Investigation 2: Space Travel
I hope you're ready for our second investigation.
It connects quadratic functions to space travel.
So fasten your belts and let's take off.
Space travel began in the late 1950s and it's still primarily
reserved for astronauts.
But there's an ongoing race among aerospace companies to
develop the first commercial carrier that will take
tourists into space.
In fact, several prototype spaceships are expected to be
ready for test flights within two years.
So in your lifetime, civilian space travel may become an
everyday reality.
Understanding the mathematics behind it will help you
appreciate it all the more.
Just think, one day you may stare at the Earth the way
today you stare at the moon.
Let's take an imaginary trip aboard a space shuttle to the
International Space Station, or ISS, and investigate where
quadratic functions fit in.
Here is the problem, at take-off, a space shuttle has
0 altitude and it's projected upward by a
powerful initial velocity.
At about 120 kilometers above the earth's surface, it cuts
off its main engine.
At that point, the shuttle's vertical velocity is 2,110
meters per second, or 2.11 kilometers per second.
It still must rise to 340 kilometers above sea level,
the minimum orbiting altitude of the ISS.

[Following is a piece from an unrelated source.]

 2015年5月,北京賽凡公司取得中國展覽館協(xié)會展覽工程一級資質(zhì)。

Here is the question, how long will it take the shuttle to
reach the ISS located at 340 kilometers above the earth
after its main engine is turned off?
Let's first examine the algebraic expression of the
altitude and the function of time.
The quadratic equation, giving the vertical altitude or
height, h, of any projectile, a space shuttle in our case,
as a function of time, t, is h of t equals negative one half
gt squared plus b sub 0 t plus h sub 0.
Where negative one half g is the a coefficient, c sub 0 sub
d coefficient, h sub 0 the c coefficient.

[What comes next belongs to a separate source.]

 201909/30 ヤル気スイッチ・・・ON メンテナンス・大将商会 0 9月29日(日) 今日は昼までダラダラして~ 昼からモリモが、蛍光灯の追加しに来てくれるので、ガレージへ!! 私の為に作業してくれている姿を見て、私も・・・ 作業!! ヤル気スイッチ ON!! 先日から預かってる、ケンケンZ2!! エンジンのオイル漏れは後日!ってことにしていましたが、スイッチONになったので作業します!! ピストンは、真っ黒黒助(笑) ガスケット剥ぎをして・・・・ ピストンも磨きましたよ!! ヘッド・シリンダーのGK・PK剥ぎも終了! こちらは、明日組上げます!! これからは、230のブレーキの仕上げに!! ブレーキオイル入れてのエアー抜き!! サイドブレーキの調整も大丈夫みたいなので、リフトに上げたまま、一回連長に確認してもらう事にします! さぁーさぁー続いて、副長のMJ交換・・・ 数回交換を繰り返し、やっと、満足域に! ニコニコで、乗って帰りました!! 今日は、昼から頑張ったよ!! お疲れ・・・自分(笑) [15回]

g stands for the acceleration due to gravity.
Namely, 9.8 meters per second squared.
Or 0.0098 kilometers per second squared.
p sub 0 is the initial velocity.
We call that the start time for our problem is main engine
cut off time.
So v sub 0 is 2.11 kilometers per second.

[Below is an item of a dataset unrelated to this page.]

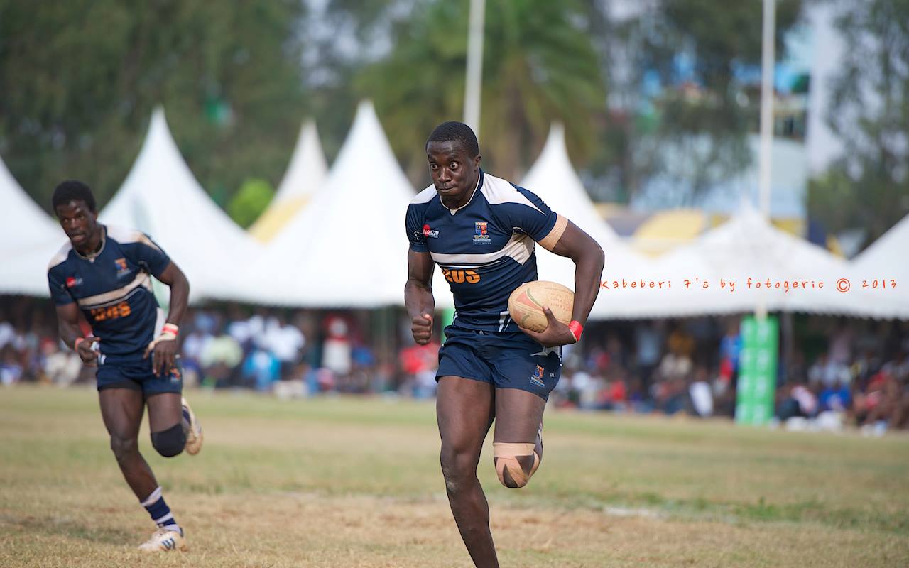 Description: A group of men playing a game of soccer on a field with tents in the background and people watching.

And a sub 0 is the initial height.
Again, at main engine cut off time.
So, 8 sub 0 equals 120 kilometers.
Putting all this together, we obtain h of t equals negative
one half times 0.0098 t squared, plus 2.11 t plus 120
or h of t equals negative 0.0049 t squared
plus 2.11 t plus 120.
You're now ready to set up the equation you must solve in
order to answer the original question, which was, how long
will it take the shuttle to reach the ISS after its main
engine is turned off.
The question how long means you're solving for t, the time
in seconds.
The target altitude is 340 kilometers.
So our equation is h of t equals 340.
Or negative 0.0049 t squared plus 2.11 t
plus 120 equals 340.
By solving this equation for t, you will obtain the time
elapsed from main engine cut off to the arrival at the ISS.
Instead of working this out algebraically, let's solve it
graphically, using the TI-Nspire.
Keep in mind that on the handheld, t will be x and h of
t will be f of x.
Such mental gymnastics are good for the mind.
Turn on the TI-Nspire.
Press the home key to open a new document.
Save or delete the previous document.
Select 2 to create a graph in geometry page.
The blinking cursor is on the function entry
line by f 1 of x.
Type in negative 0.0049 x squared, plus 2.11 x plus 120
for our altitude function.
Press enter to graph.
Surprised there's no graph?
It's there, but out of the viewing window.
Press menu 4 and 1 for the window settings.
Set x min to negative 75 in order to see the y-axis.
Press tab to move from one entry to the next.
Set x max to 500.
That's more than eight minutes.
Set y min to negative 50, again to see the x-axis, and y
max to 400.
Well above our target altitude of 340.
Then click OK.
Press escape to move the arrow to the work area.
Now the parabola's in sight.
As expected, it opens downwards because the leading
coefficient, a, is negative.
Since the graph plots height over time, the y-intercept
represents the height y equals 120 kilometers at our starting
time, x equals zero.
So that's our initial height.
Now let's find the points where y equals 340 using a
dynamic feature of the TI-Nspire.
Use the nav pad to move the arrow to a point on the graph.
About halfway between the y-intercept and the vertex.
It becomes a finger pointing hand.
Place a point on the graph.
Click and the pencil will plot it.
Press escape to exit point on mode.
An open hand is now hovering over the point.
Using the nav pad, move the open hand over the points
coordinate.
Click and hold until it changes to a closed hand.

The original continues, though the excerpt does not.